(Input data begins)

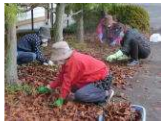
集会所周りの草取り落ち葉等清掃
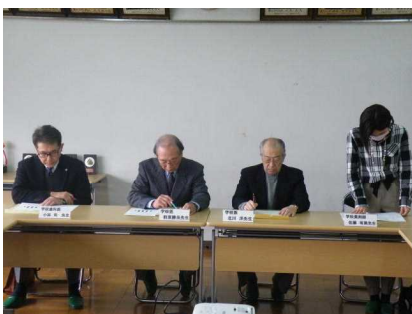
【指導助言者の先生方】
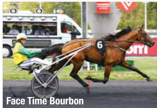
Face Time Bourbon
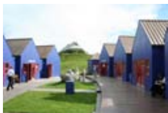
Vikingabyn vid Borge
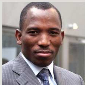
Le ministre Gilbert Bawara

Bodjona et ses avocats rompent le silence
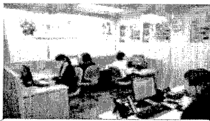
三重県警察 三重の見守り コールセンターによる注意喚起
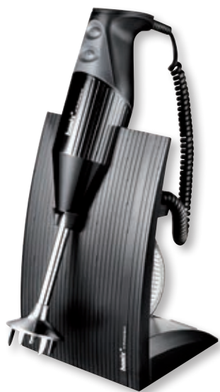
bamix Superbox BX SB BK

(Input data ends)
(Input data begins)

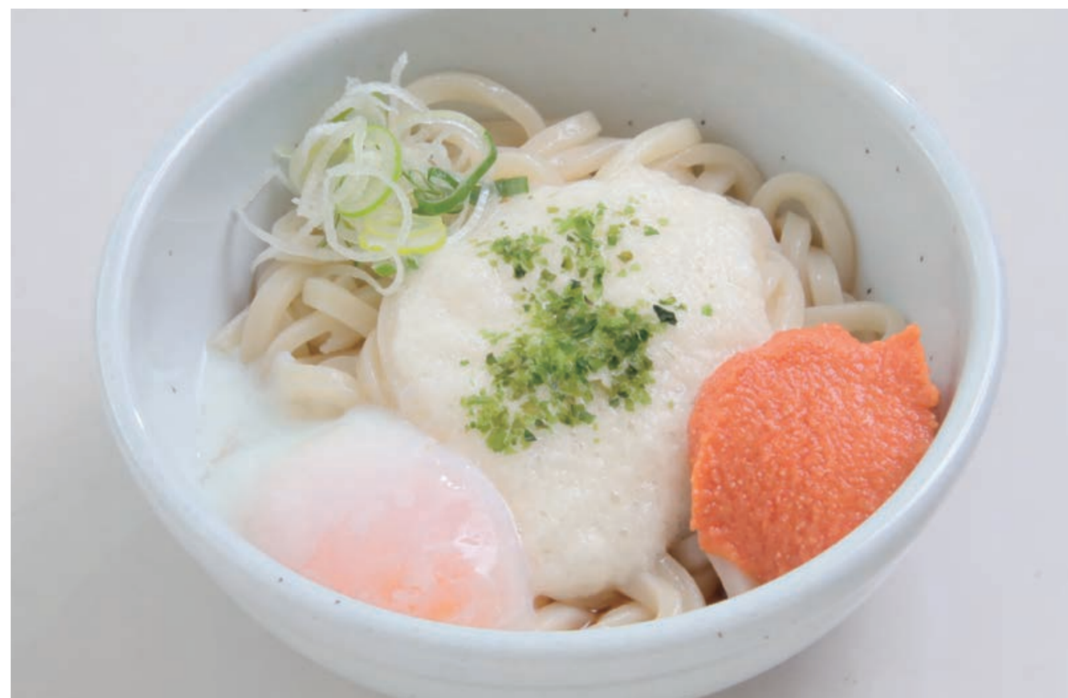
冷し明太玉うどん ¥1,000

(Input data ends)

# Exercise objective
Look through the listing above for the line with "集会所周りの草取り落ち葉等清掃" and the line with "bamix Superbox BX SB BK". Write out exactly those lines and everything between, leaving out pictures.

# Result of this exercise
集会所周りの草取り落ち葉等清掃
【指導助言者の先生方】
Face Time Bourbon
Vikingabyn vid Borge
Le ministre Gilbert Bawara

Bodjona et ses avocats rompent le silence
三重県警察 三重の見守り コールセンターによる注意喚起
bamix Superbox BX SB BK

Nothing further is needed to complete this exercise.